Exercise: Only an exact repetition is needed: the lines from the start of the listing below through the line that contains "- IJspret te", pictures omitted.

Data under study:
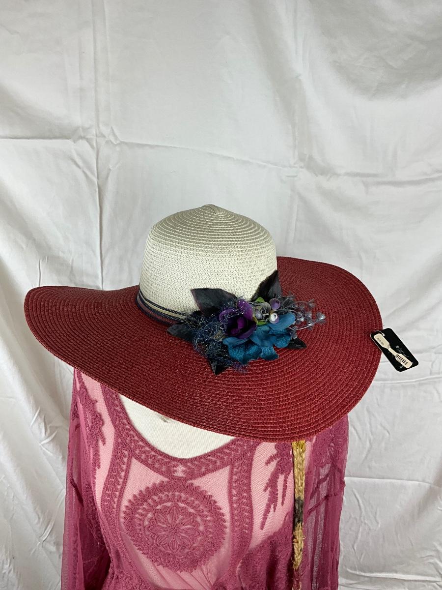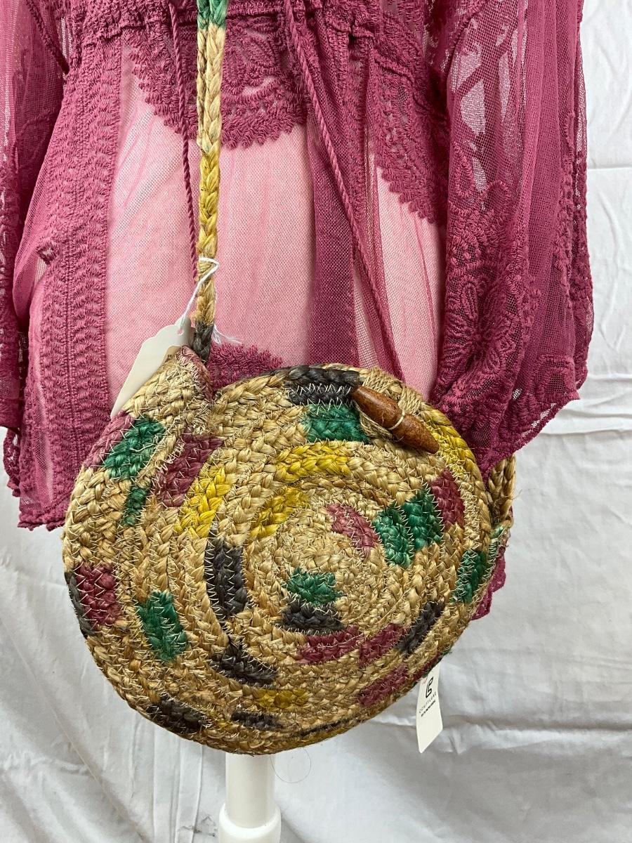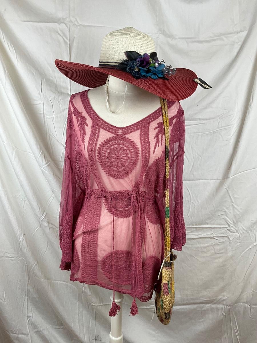 088 Rose Colored Cover Up with Straw Hat and Round Jute Handbag
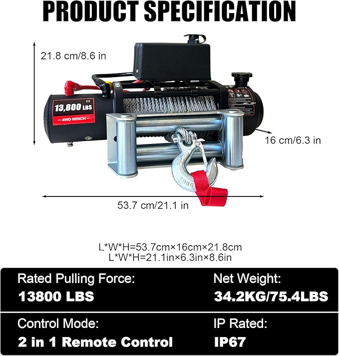 - Widely Applicable Scenarios: 13800Ibs pulling capacity helps you rescue vehicles from muddy, sloped and rugged ground. Suitable for ORV and UTV, waterproof, mud-proof, snow-proof, weather-resistant, wide range of applications. 12V Electric Winch is your right-hand man for a variety of challenges with its comprehensive enhanced design, powerful motor power, wireless control, and pulling capacity suitable for various scenarios.
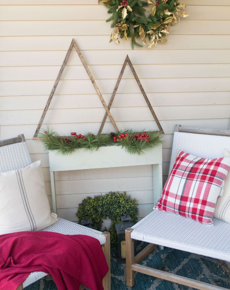 Ein Weihnachtsbaum gehört nicht nur im Haus, sondern kann auch den Außenbereich weihnachtlich dekorieren. Wählen Sie einen kleinen, künstlichen Weihanchtsbaum und schmücken Sie ihn mit wetterfesten Dekorationen.
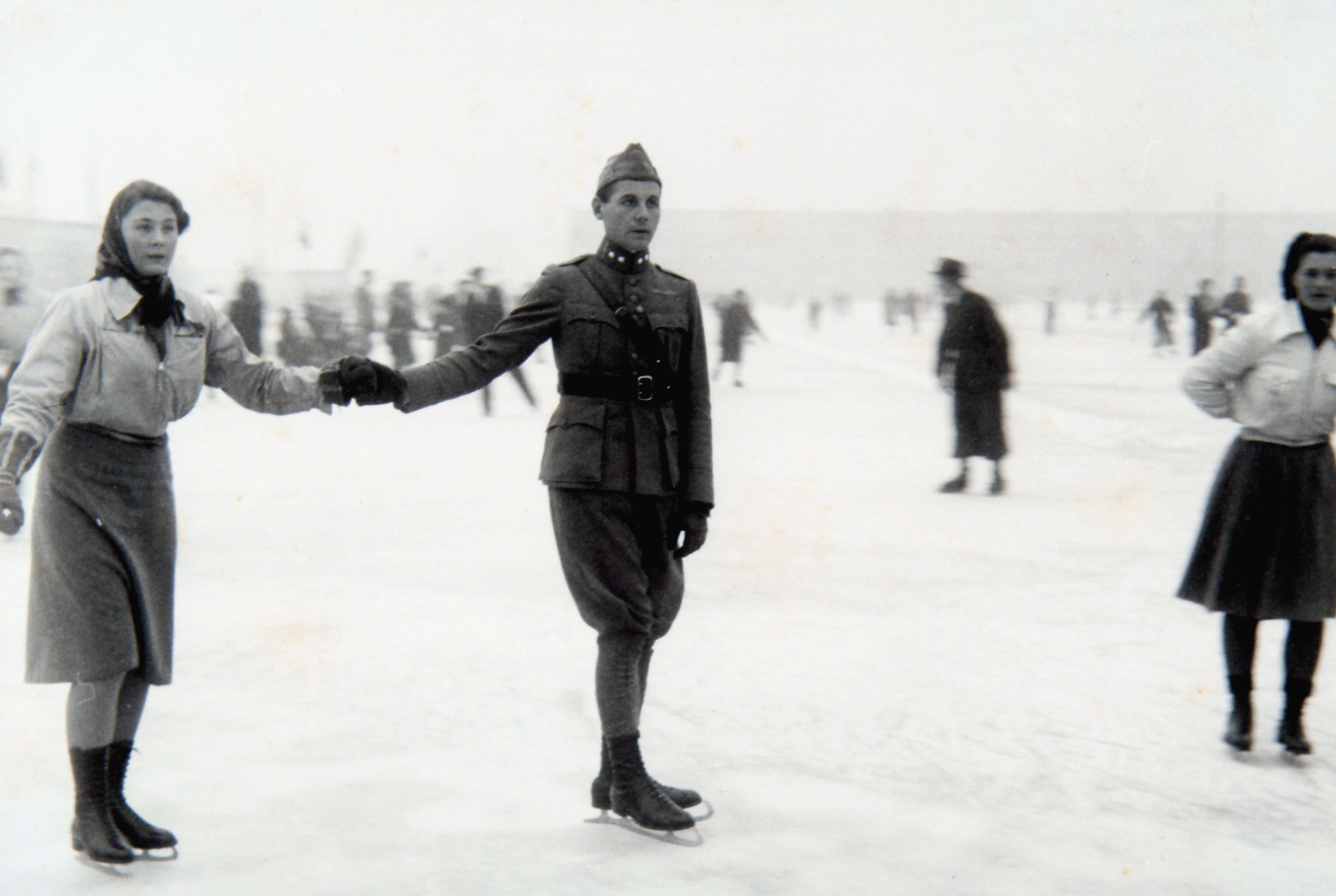 - IJspret te Dordrecht. Mej. C. Delhez, Mr J.J. Vriesendorp en Ita Assies.
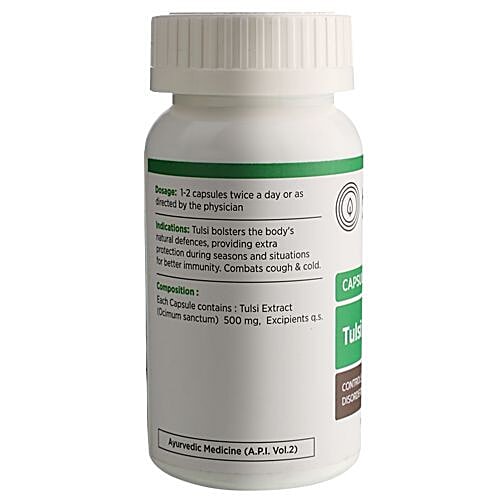 About the Product @import url("https://www.desercart.com/static/froala_style_v2.min.css"); Kapiva’s Tulsi Capsules use the concentrated extract of tulsi which is famously known as the queen of herbs. It bolsters the body's natural defences and strengthens the immune system.Fights against infections and it detoxes the blood and lymph nodes.Removes toxins from the body. Consume two capsules per day, before meals.Kapiva derives its name from the three doshas of Ayurveda, Kapha-Pitta-Vatta. our range of 200+ GMP Certified products have the right herbs in the right dosage and provide solutions to a variety of ailments. It's the day and age of hybrids, so go ahead and enjoy the best of both worlds, Ayurvedic tradition + Modern-day science and technology. Ingredients @import url("https://www.desercart.com/static/froala_style_v2.min.css"); Each Capsule Contains: Tulsi Extract (Ocimum Sanctum) Leaves 500mg, Excipients Q.S. How to Use @import url("https://www.desercart.com/static/froala_style_v2.min.css"); Consume two capsules per day, before meals.
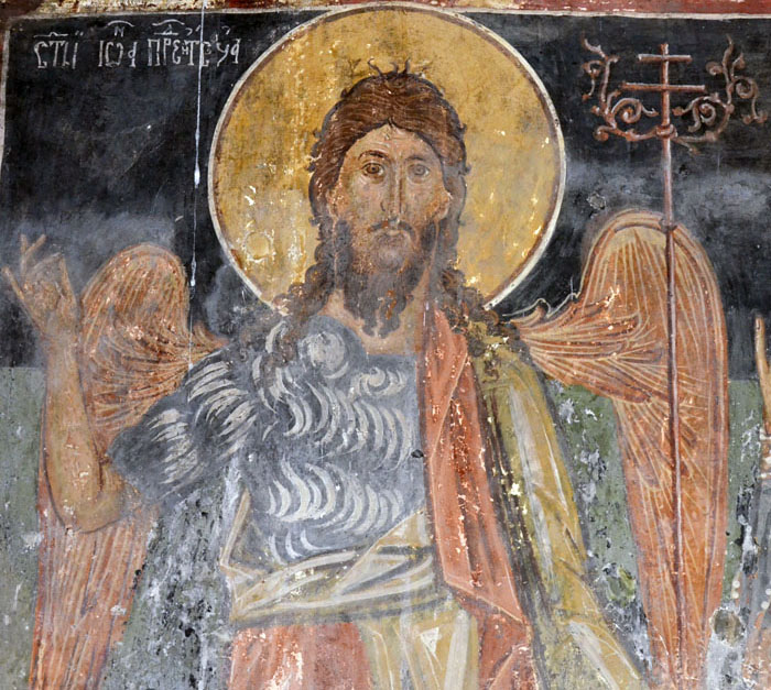 Тај Анђео у телу јавио се испред кога у овоме свету? Јавио се испред Бога. Требао је Бог да сиђе у овај свет, а ко да му прокрчи пут, ко да пропути пут Богу Који се јавља на земљи, земљи која се сва претворила у пустињу греха и смрти? Кога да пошаље Господ испред Њега, испред Себе Сама? Њега - великог Испосника, непрестаног Молитвеника, Пустињака још од колевке. Како овај свет, како грех света никако не подноси Бога и Правде Његове у овоме свету, од малена, ето, и њега гоне. Мајка бежи од Ирода са њим у пустињу и умире, и дете остаје мало, одојче такорећи. Анђели га чувају, Анђели га одхрањују.
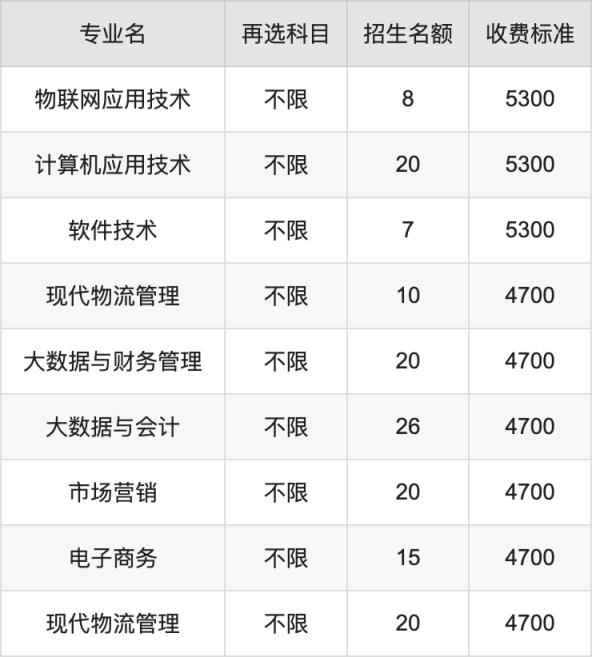 | 专科批 | 物理 | 大数据与财务管理 | 12 |
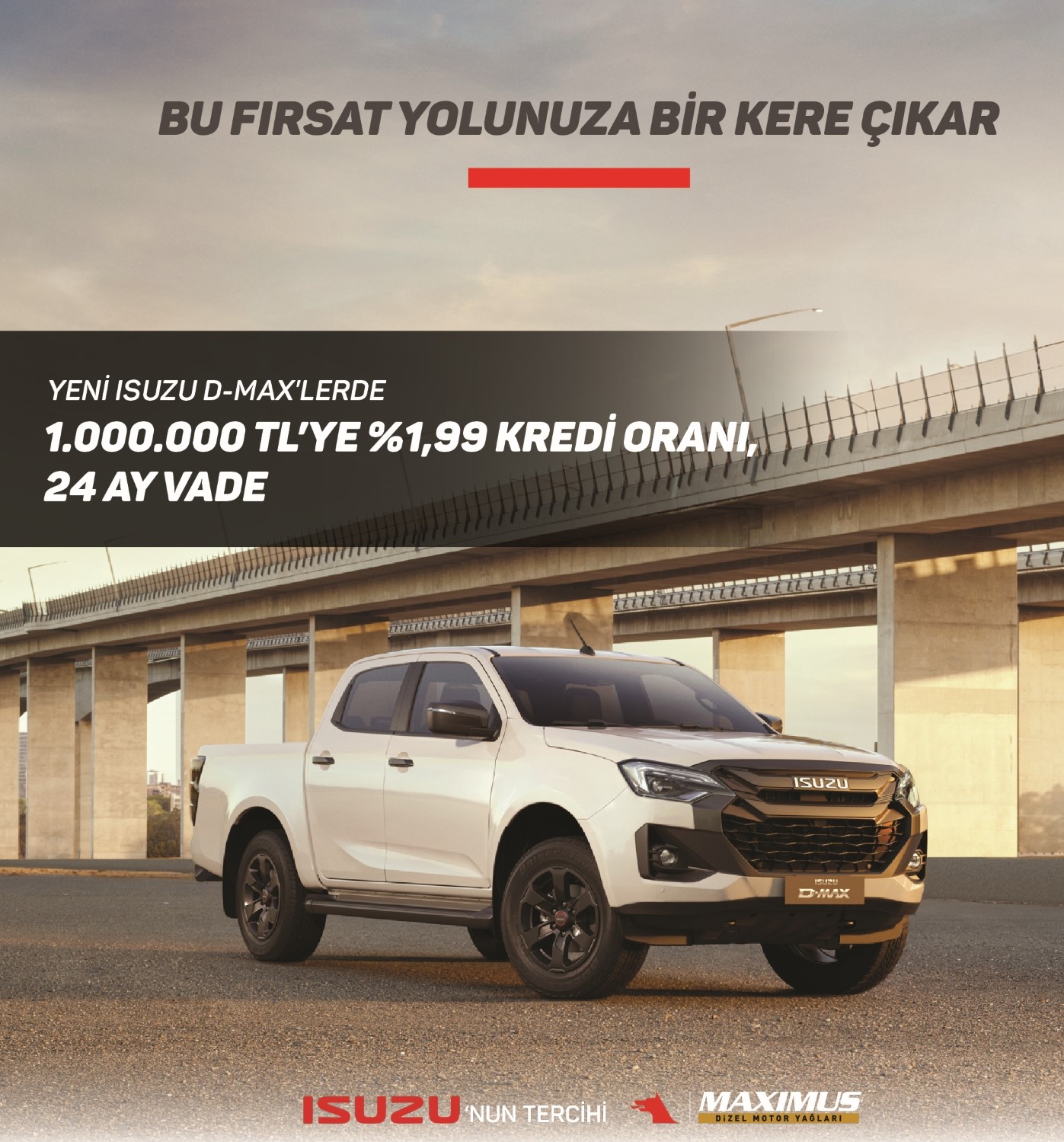 Sadece Türkiye pazarı dahil, birçok ülkede pick-up modellerde, en popüler araçlardan biri olan D-Max modellerinde geçerli olan ve 30.11.2024 tarihine kadar sürecek olan kampanya; araç sahibi olmak isteyenlere 1 milyon TL’ye, 24 ay yüzde 1.99 faiz fırsatı sunuyor.
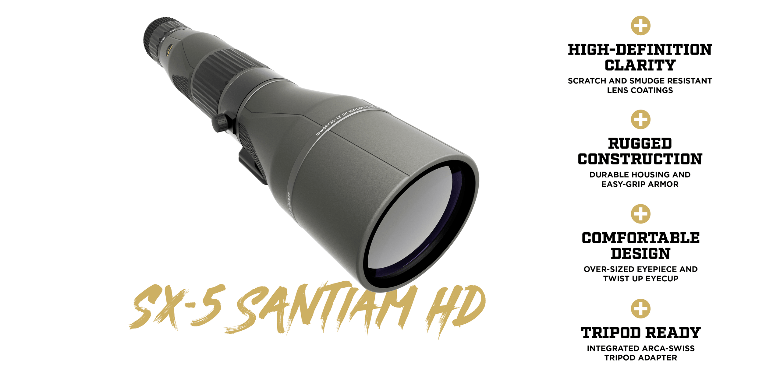 The SX-5 Santiam HD is designed and assembled in the USA. And like all Leupold spotting scopes, it’s fogproof, waterproof, and guaranteed to perform for life.
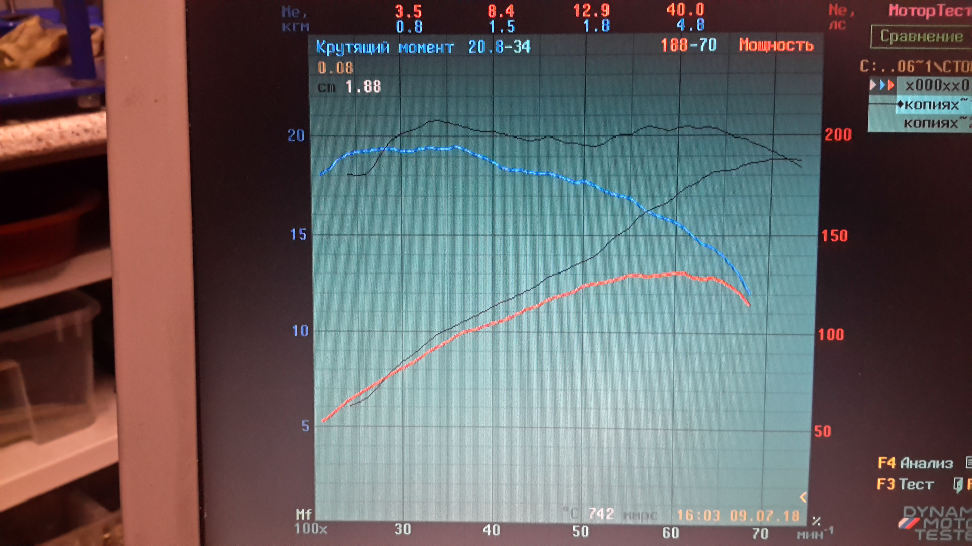 После доработки в пределах разрешенных изменений по тех.требованиям, и настройки, мотор показал момент 20,8 кг*м при 3400 об, а мощность 188 лс при 7000 об.
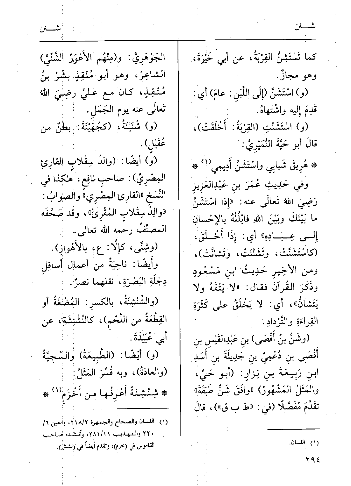 هُرِيقَ شَبابي} واسْتَشَنَّ أَدِيمِي وَفِي حدِيثِ عُمَر بنِ عبْدِ العَزيزِ، رضِيَ الّلهُ تَعَالَى عَنهُ: (إِذا {اسْتَشَنَّ مَا بَيْنك وبينَ الّلهُ فابْلُلْه بالإِحْسانِ إِلَى عبادِه) ، أَي إِذا أَخْلَقَ؛ (} كاسْتَشَنَّتْ {وتَشَنَّنَتْ} وتَشانَّتْ) ؛ ومِن الأخيرِ حدِيثُ ابنِ مَسْعود، وذَكَرَ القُرآن فقالَ: (لَا يَتْفَهُ وَلَا {يَتَشَانُّ، أَي لَا يَخْلَقُ على كثْرَةِ القِراءَةِ والتَّرْدادِ.

Answer below:
 088 Rose Colored Cover Up with Straw Hat and Round Jute Handbag
 - Widely Applicable Scenarios: 13800Ibs pulling capacity helps you rescue vehicles from muddy, sloped and rugged ground. Suitable for ORV and UTV, waterproof, mud-proof, snow-proof, weather-resistant, wide range of applications. 12V Electric Winch is your right-hand man for a variety of challenges with its comprehensive enhanced design, powerful motor power, wireless control, and pulling capacity suitable for various scenarios.
 Ein Weihnachtsbaum gehört nicht nur im Haus, sondern kann auch den Außenbereich weihnachtlich dekorieren. Wählen Sie einen kleinen, künstlichen Weihanchtsbaum und schmücken Sie ihn mit wetterfesten Dekorationen.
 - IJspret te Dordrecht. Mej. C. Delhez, Mr J.J. Vriesendorp en Ita Assies.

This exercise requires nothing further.